A top computer science expert in the U.S. has warned that humans could be defenseless when faced with threats from robots that are able to think for themselves and are made to kill.

Stuart Russell from the University of California at Berkeley said that these deadly drones could be the final stage of the ongoing technological march toward the lethal autonomous weapons systems (LAWS), which have been described as warfare's third revolution after gunpowder and nuclear arms.

In a comment article published in Nature on May 27, Russell said that the feasibility of weapons that are no longer controlled by humans but by artificial intelligence are no longer constrained in the distant future—they could be practically feasible not in decades but in as little as a few years.

He argued that these machines could be restricted not by their intelligence but by their physical constraints such as their firepower, mobility and speed.

Autonomous weapons systems are able to choose and engage targets without the need for human intervention, and these could be deadly when their targets include humans. Such advanced and lethal machines may include, for instance, armed quadcopters that can hunt and eliminate enemy combatants.

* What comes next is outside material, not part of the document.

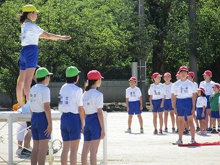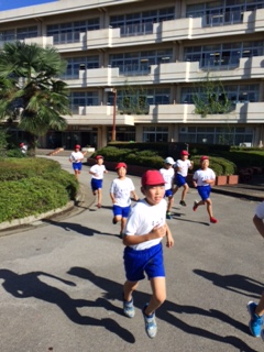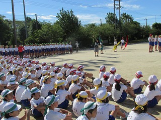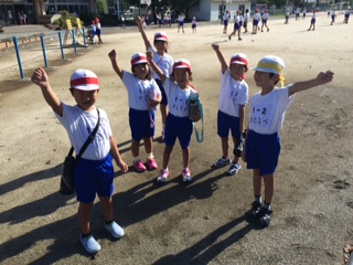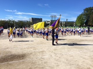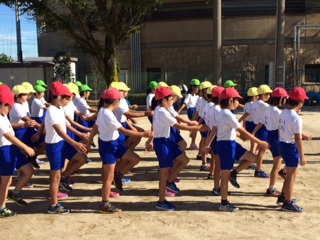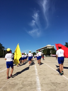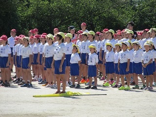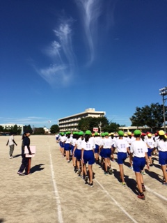 青空の下、運動会の全体練習をがんばりました。

LAWS do not include remotely piloted drones and cruise missiles that still require humans making the targeting decisions.

Artificial intelligence (A.I.) and robotics components that exist today have capabilities such as perception, mapping, motor control, navigation and long-term planning, and these only need to be combined.

The technology that can be seen in self-driving cars, for instance, can be combined with the tactical control capability of DeepMind's DQN system, and these could be capable of supporting search and destroy missions.

Humanitarian law does not currently have provisions for this kind of technology, and it remains to be seen whether the international community would be supportive of a treaty that would limit or ban LAWS.

Russell has already asked his peers, scientists who specialize in A.I. and robotics, as well as professional scientific organizations to make a stand on LAWS just as biologists clarified their stance on the use of disease agents in war and physicists on the use of nuclear weapons.

Russell said that LAWS may violate human dignity's fundamental principles by giving machines the chance to choose whom to kill, such as when these are tasked to eliminate people who exhibit threatening behavior.

"The potential for LAWS technologies to bleed over into peacetime policing functions is evident to human-rights organizations and drone manufacturers," Russell said.